Security and account log is a good way to have any eye on everything that's happening, so yes if you have the patience to crosscheck very well ( I advise you should) things should be fine.

[hugeblack]

Thank you, but what does Google email have to do with cryptocurrencies and Bitcoin? If a user trusts Google to store a copy of their wallet seed or an encrypted version of it, they will most likely lose their coins quickly.

I advise staying away from all Google services if you want to enhance the privacy/security of your cryptocurrency use.

[snowpega]

...
Yes bro I know the effort here in using Telegram, I have been using proxies for a long time and if they were the issue then I never faced one although I do remember reading your posts about AI and the security alert messages you received. The way you are saying it, they seem like a serious case but if the virus was actually there then you would have lost your funds already if I am not wrong. Because hackers don't delay things.

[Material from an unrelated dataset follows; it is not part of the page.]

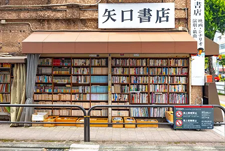 矢口書店創立於1918年,是一家擁有百年以上歷史的神保町古書店。書店外觀保留昭和時代的風情,吸引眾多書籍愛好者和國際知名人士的光臨。現有的建築物是在關東大地震(1923年)後建造的,採用當時流行的「看板建築」風格。臨街的外觀裝飾豪華,以模仿石造的砂漿外牆和山形牆為特徵。店內有高達天花板的書架,豐富收藏了與戲劇和電影相關的古書。在這裡,您還可以找到當時藝人的海報等。矢口書店歡迎外國客人到訪,但如果使用未購買的商品拍照將會被店家予以拒絕。
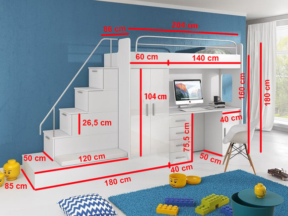 Entdecken Sie das Jugendzimmer Bett Doppelstockbett Etagenbett Schreibtisch Kleiderschrank RAJ 5S von XL Moebel! Dieses praktische Set bietet alles, was man für ein modernes Jugendzimmer braucht. Mit dem Etagenbett sparen Sie Platz und schaffen eine gemütliche Schlafumgebung. Der Schreibtisch ist ideal zum Lernen und Arbeiten und der geräumige Kleiderschrank sorgt für Ordnung im Zimmer. Hergestellt aus Holz und in der trendigen Farbe wie abgebildet, ist dieses Set eine stilvolle Ergänzung für jedes Jugendzimmer. Matratzen sind separat erhältlich. Machen Sie das Jugendzimmer Ihrer Träume wahr!

Well, maybe you are right about that, as if I share my current experience with you till the day I am using a paid VPN, I have not been attacked again by any such virus, and I am not getting any suspicious virus notification. The conversation that I had with that member, I said to him that I don't use any open source application and all that application i have in my mobile phone are directly installed from the Google Play Store. Then he said there are some apps available on the Google Play Store that do their work once you install them on your mobile phone.

So, maybe hackers use such a technique to bypass the Play Store algorithm, and when they upload their application to the Google Play Store for approval, it marks them safe even though they are unsafe. Do you agree with this point, or can this happen? Like, is it impossible to bypass the Play Store algorithm for uploading an unsafe application on it?

[Porfirii]

In fact, Google is doing it the right way because you only have to take action in order to add a recovery contact, not to avoid adding it like the scammers pretend. That should always be the case when you get unexpected notifications, so that the default decision is to do nothing, which in turn is the safest thing to do.